An diesem Strand in Brooklyn geht niemand baden. Er gehört den Flaschensammlern – allerdings sind sie auf mehr als nur Flaschenpfand aus. Die Dead Horse Bay ist bekannt dafür, dass man dort Glas finden kann, das locker hundert Jahre alt ist. Auf den Flohmärkten der Stadt und in manchen Antikläden findet man diese Apotheker- und Schnapsflaschen in altmodischen Formen.

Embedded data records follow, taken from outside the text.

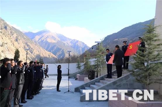 圖為西藏朗縣干部群眾為烈士默哀
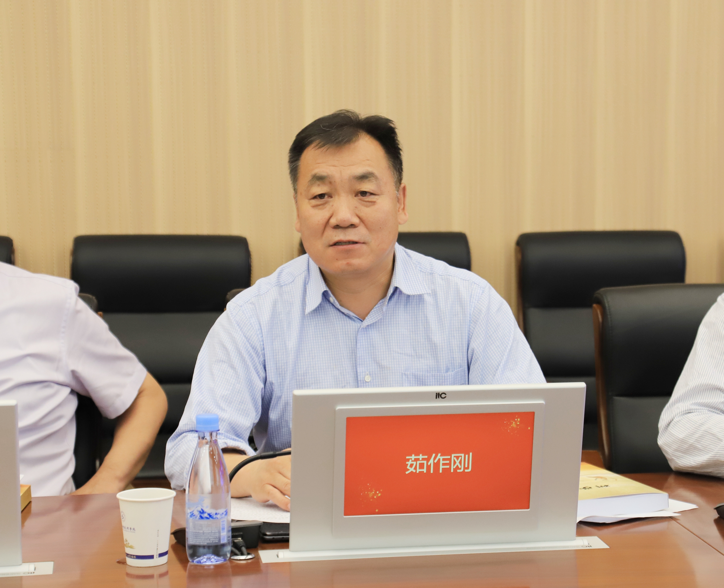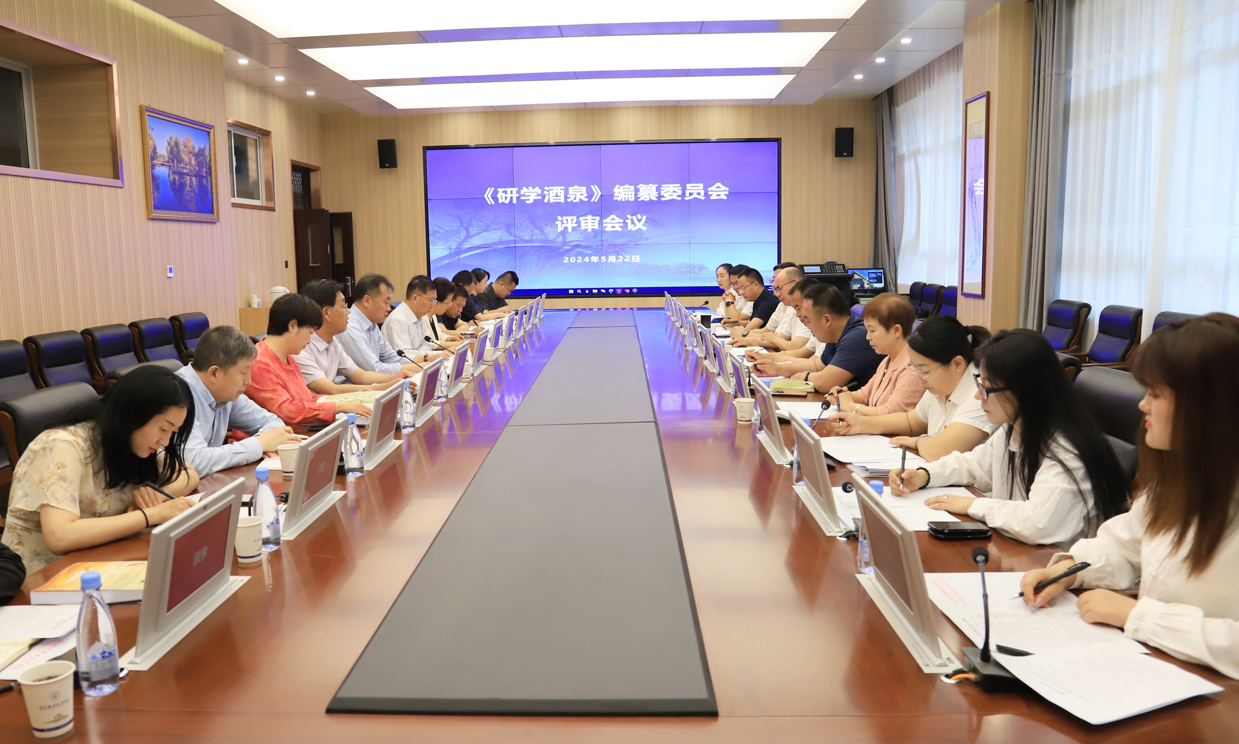 要闻快递 > 正文5月22日上午,《研学酒泉》编纂委员会评审会议在酒泉职业技术学院弘毅楼召开。酒泉市文体广电和旅游局党组书记、局长、《研学酒泉》编纂委员会主任茹作刚主持会议。酒泉职业技术学院党委书记、校长、《研学酒泉》编纂委员会主任易志军教授,酒泉市文体广电和旅游局党组成员、一级调研员、《研学酒泉》编纂委员会副主任李春云,酒泉市委教育工委委员、二级调研员、《研学酒泉》编纂委员会副主任赵志俊出席会议。
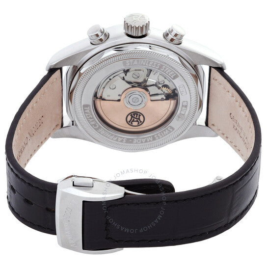 علبة فضية اللون من الفولاذ المقاوم للصدأ مع سوار أسود من جلد التمساح. إطار ثابت فضي اللون من الفولاذ المقاوم للصدأ. ميناء أزرق مائي مع عقارب فضية اللون وعلامات ساعات. علامات دقائق عربية (بفاصل 5 دقائق). علامات دقائق وعلامات تاكيميتر حول الحافة الخارجية. نوع الميناء: تناظري. عقارب وعلامات مضيئة. عرض يوم الأسبوع والتاريخ عند موضع الساعة 3. كرونوغراف - يعرض الميناءان الفرعيان: دقيقتان و30 دقيقة و12 ساعة. حركة أوتوماتيكية من سيليتا كاليبر SW500، تحتوي على 25 جوهرة، تنبض بمعدل 28800 ذبذبة في الساعة، ولديها احتياطي طاقة لمدة 44 ساعة تقريبًا. زجاج ياقوت مقاوم للخدش. غطاء خلفي شفاف. شكل دائري، حجم العلبة: 43 مم. مشبك قابل للطي. مقاومة للماء حتى عمق 100 متر / 330 قدمًا. الوظائف: كرونوغراف، تاريخ، يوم، ساعة، دقيقة، ثانية صغيرة. سلسلة Mh2. طراز ساعة رسمية. علامة الساعة: صناعة سويسرية. ساعة أرماند نيكوليه MH2 كرونوغراف أوتوماتيكية للرجال A647A-TF-P840NR2.
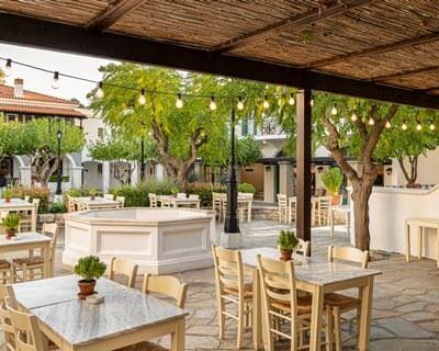 Slapen in moderne kamers, Met het strand voor de deur, Zo in het centrum van Pythagorion, Dorpsleven in 'The Village', Tijd voor jezelf in de spa, Onafhankelijk duurzaamheidslabel & inclusief transfers.
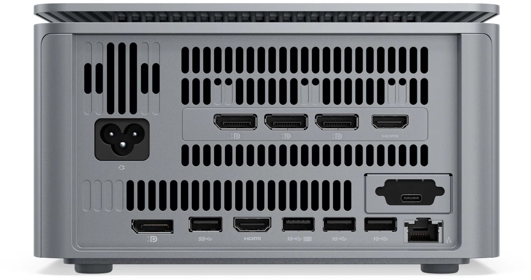 Підключення дуже гнучке та сучасне: кілька USB-портів (включаючи Type-C з Power Delivery), HDMI, DisplayPort, Gigabit Ethernet, Wi-Fi 6E та Bluetooth — можна під'єднати кілька моніторів, периферію, мережу та зовнішні пристрої без жодних проблем. Є можливість розширення пам’яті та накопичувачів, що робить систему готовою до майбутнього.
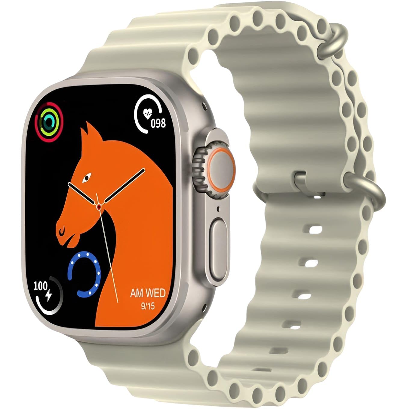 The T10 Ultra Smartwatch Series 8 features a 49mm stunning large screen and a durable aluminum body. It is designed to assist you with health monitoring, fitness tracking, and communication.
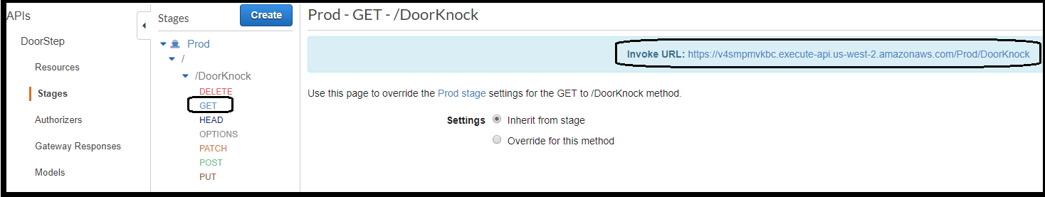 Navigate to the API Gateway stage that was configured before (we named it “Prod”). After selecting the GET command, the URL appears above:

Dass die Dead Horse Bay an manchen Tagen vor lauter Glas nur so glitzert, hat seine Wurzeln im Großstadtmüll. Zwar sind die heutigen Müllmengen noch viel größer als vor 150 Jahren, doch auch schon damals suchte New York händeringend nach Platz für den ganzen Abfall. Und einer dieser Plätze war ganz in der Nähe dieser Uferlinie.

Müllverwertung vor 150 Jahren

Damals ist dieser Teil von Brooklyn noch eine Insel namens Barren Island. Von der Mitte des 19. Jahrhunderts bis in die 1920er Jahre sitzen rund um die Bucht Abdecker, Fischölproduzenten und andere Müllverwerter – für lange Zeit ist Barren Island die größte Müllverwertungsanlage der Welt.

Und ehe das Automobil die Kutschfahrt ablöst, muss man ja irgendwohin mit all den toten Pferden – sie landen hier. Ihre Überreste werden zunächst unter anderem zu Klebstoff, Dünger und Öl verarbeitet, und dem Vernehmen nach soll die ganze Gegend fürchterlich gestunken haben. Das führt letztlich zum Ende dieser Müll-Ära: Bewohner anderer Stadtteile wehren sich erfolgreich dagegen, dass der Wind den Gestank in ihre Gegend weht. Nach einem langwierigen Rechtsstreit wird Barren Island geschlossen.

Woher der Name Dead Horse Bay kommt

Vorher kommen die ausgekochten, zerhackten Tierknochen ins Wasser, ebenso wie die Überreste aus allen anderen Müllanlagen der Gegend. Zu dieser Zeit gilt das Meer als prima Restmüllkippe. Daher stammt der Name Dead Horse Bay.

Auch für die Schönheit der Salzmarschen rundherum, die heute ein Naturschutzgebiet sind – bis direkt an den Flughafen JKF! – haben die New Yorker wenig Sinn. Sie schütten jede Menge Sand, Kohle und Müll auf, um Floyd Bennett Field, den ersten New Yorker Flughafen zu bauen. Barren Island ist jetzt mit Brooklyn verbunden.

Stadtplaner Robert Moses sieht in den 50er Jahren in der Gegend eine Chance auf ein schickes Parkgelände, dafür braucht es nur weniger Wasser und mehr Land. Der Park wird nie gebaut, doch sein Ziel erreicht Moses durchaus: Was ihm nicht gefällt, verschwindet.

Häuser samt Inhalt als Füllmaterial

Ihm sind die Wohngegenden der armen Leute in Brooklyn ein Dorn im Auge. Dort will er neue Straßen bauen, für die automobile Zukunft! Die “Slums” lässt er einfach planieren, und den gesamten Schutt – inklusive Geschirr, Nagellackfläschchen, Schuhen, Batterien, Arznei, Kinderspielzeug – karren LKW als Füllmaterial in die Dead Horse Bay.

Bald ist diese Spezialmüllkippe voll, sie wird geschlossen und versiegelt – allerdings nur mit Mutterboden. 1950 bricht diese Deponieabdeckung, und seither spülen immer wieder alte Sachen ins Meer und an den Strand der Dead Horse Bay.

New York hat viele Altlastenprobleme und stark verschmutzte Gegenden. Aber nur diese zieht Leute an, die wie Schatzsucher auf die Jagd gehen. In der Dead Horse Bay kann man nur mit festem Schuhwerk und dicken Sohlen herumlaufen. Mit jedem Schritt tritt man auf ein Stück Stadtgeschichte – mal fünfzig, mal hundert Jahre alt. Pferdeknochen spülen übrigens auch immer noch an den Strand – allerdings nur in knapp drei Zentimeter großen Stücken.

Die Bucht, der Ministrand und das Marschland um Dead Horse Bay herum gehören heute zum Gateway National Recreation Area. Wie in allen solchen Geländen ist es verboten, etwas mitzunehmen.